We agree with Hear-Wear that the Board was correct to require record evidence to support an assertion that the structural features of claims 3 and 9 of the ‘512 patent were known prior art elements. The patentability of claims 3 and 9 with the limitation “a plurality of prongs that provide a detachable mechanical and electrical connection” presents more than a peripheral issue. See In re Zurko, 258 F.3d 1379, 1386 (Fed.Cir.2001) (“[Board] expertise may provide sufficient support for conclusions as to peripheral issues.”). The determination of patentability of claims with this limitation therefore requires a core factual finding, and as such, requires more than a conclusory statement from either HIMPP or the Board. See id. (“With respect to core factual findings in a determination of patentability, however, the Board cannot simply reach conclusions based on its own understanding or experience….”). HIMPP must instead “point to some concrete evidence in the record in support of these findings.” Id. 

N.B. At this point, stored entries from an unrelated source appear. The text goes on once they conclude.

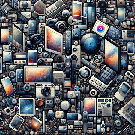 Collage of Various Electronic Devices: A Vibrant Abstract Texture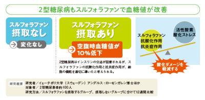 2017年に発表された、スウェーデンのイェーテボリ大学の研究では、2型糖尿病患者約100名を、スルフォラファンを摂取するグループと摂取しないグループに分け、12週間にわたって比較。結果、スルフォラファンを摂取したグループでは、摂取していないグループに比べて空腹時血糖値が10%も低くなることが分かりました。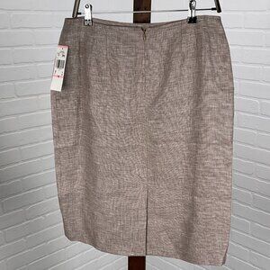 Kasper Skirt Women 10 Brown White Woven Linen Lined Straight Zip Career NWT
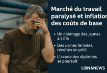 Le chômage des jeunes au Liban atteint 43 %, poussant des milliers de diplômés à l’émigration. L’économie est paralysée par la hausse des coûts de production et des matières premières, touchant particulièrement les secteurs industriel et agricole. L’inflation des biens de base fragilise les ménages, tandis que l’absence de régulation efficace empêche toute stabilisation. Le marché du travail s’effondre, aggravant l’exode des compétences et la fracture sociale.

Clearly, for a factual determination by the Office to withstand appellate review, the Office must establish concrete evidence in the record. Therefore, the assertion by the Office that a claim recites an abstract idea — which is clearly a core factual finding — must be supported by concrete evidence in the record. 

I hope you will tailor the interim guidance to reflect that an Examiner must support any assertion of an abstract idea by supplying factual evidence, just as you have previously required the examining corps to do in MPEP sections 2107, 2142, and 1504.01(c) (II). 

Finally, I think it is wise to take to heart the remarks of Judge Lourie from the oral argument of K/S HIMPP v. Hear-Wear Technologies, LLC

“We have an examination system based on citation of references. I may have used the word ’slippery slope’ already. But, I worry about that — where an examiner who is of some skill and training in a particular art could simply say ‘Aha, I think, I think, and it is my common knowledge . . . .’ And, they start rejecting claims based on what they ‘think.’ Isn’t that a serious departure from our system of citation of references to reject claims?” 

William F. Vobach 


I look forward to seeing what the USPTO does with the Cardionet decision. Hopefully, they will instruct examiners to consult their inner-Joe-Friday:

You can read the Cardionet decision here: [Link].

You can listen to the recording of the Cardionet oral argument here:

Update: August 25, 2021

In AMERICAN AXLE & MANUFACTURING v. NEAPCO HOLDINGS, 966 F.3d 1347 (Fed. Cir. 2020), Judge Dyk wrote a concurring opinion in the denial of rehearing en banc. He notes that with respect to step one in the Alice inquiry there can be a factual issue.

“The step-one “directed to” inquiry in this case, as in O’Reilly, is what the claim says. As to that question, the panel does not suggest that there can never be a factual issue, but there is no such factual issue here.”